Don’t assume that estate sales are always the best way to sell a lot of items at once or that they’re fundamentally the same as auctions. While both tag sales and auctions have the same purpose, the method of sale is different, and more often than not, so are the results. Before reaching out to auctioneers or estate sale experts in Raleigh, North Carolina, read on to find out about the key differences between these two selling methods.

What Is an Estate Sale?

An estate sale is like a garage sale, except that it’s organized by a professional and involves selling a home’s entire contents. Homeowners or inheritors reach out to the sellers, who price each of the items in the house or on the property and take a percentage of the sale’s profits as payment for their services.
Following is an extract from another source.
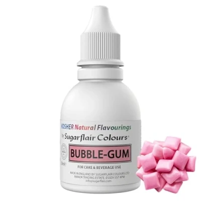 Bubblegum Natural Flavouring - Sugarflair Natural Food Flavouring is a fun and easy way to enhance your cakes and bakes. Perfect for adding to cakes, ice creams, chocolates, icings, drinks and more. Highly concentrated flavouring - This concentrated natural bubble gum flavouring will give your bakes a delightful flavour in just a few drops, which is great for saving time when flavouring your holiday cakes, cookies, desserts and more. It is recommended to start with 1ml of flavouring per 1kg of cake/cookie mix/chocolate and adjust to taste. Natural Flavours - Sugarflair flavours are concentrated natural flavour extracts to give you the essence of your favourite fruits such as raspberries and oranges and the intensity of sweet and tangy extract such as lemon and vanilla. Easy to use - The bubblegum flavouring comes in a handy squeeze bottle with a dropper top meaning you can get the exact amount that you require and you don’t have to buy a separate dropper. Natural Bubblegum Flavouring for Baking, Cakes, Ice Creams, Chocolates, Icings and More! Pack Your Bakes With A Delicious Natural Food Flavour Extract. Nut Free, Gluten Free, GM Free, Kosher. Suitable for Vegetarians and Vegans

The most common reason to hold an estate sale is the passing of a family member. While surviving loved ones mourn, they entrust the sale of the deceased’s possessions to a professional so they don’t have to handle any of the details. Typically, each piece is priced and sold separately, although it’s also possible to bundle items together, and buyers cannot negotiate prices.

Benefits of Tag Sales

Most people choose to hold tag sales because it seems like the easiest option. They can entrust the entire process to a professional, and the whole sale will take place over just a few days. Plus, estate sale companies typically pay their clients within two weeks of the sale’s completion, so people can access their money fast.

Drawbacks of Tag Sales

It’s hard to find reputable estate sale companies, so many sellers wind up making less than they should. Some companies price items higher than they are worth so they can route them to consignment shops associated with the business. Others price them too low, so clients miss out on good opportunities to make money. The real problem here is that the field of tag sales is completely unregulated, and there are no industry standards, which makes it difficult to find a reputable facilitator.

What Is an Auction?

Auctions are public events facilitated by auctioneers who sell items to the highest bidder. Instead of pricing goods in advance, these licensed industry professionals allow auction attendees to bid whatever they think the items are worth. This strategy allows for the discovery of the true market value of the items being auctioned.

Since the true market value of an item is contingent on what people in the crowd are willing to pay, auctioneers double as marketers. They need to draw in the right buyers, set the tone and pace of the event, and instill a sense of excitement and competition that will induce people to place higher bids. Instead of taking a percentage of the sales as payment, auctioneers typically request small commissions from sellers and add buyers’ premiums to every item sold.

Benefits of Auctions

Auctions are a better way to get fair market value for saleable items. Unlike estate sale facilitators, auctioneers are trained and licensed. They also take a lower commission from the seller, which means sellers who choose auctions instead of tag sales usually make more money from the contents of their properties. It’s also possible to pick and choose what will be placed up for sale instead of selling the entire estate.

Drawbacks of Auctions

Auction cycles are longer than estate sales, so while the actual event may only take a day, sellers may not receive payment for several weeks. Selling goods at auction also requires presenting the items to an auctioneer, so it’s considered a more hands-on approach. However, the payoff of getting a better price for items placed for sale generally outweighs these drawbacks.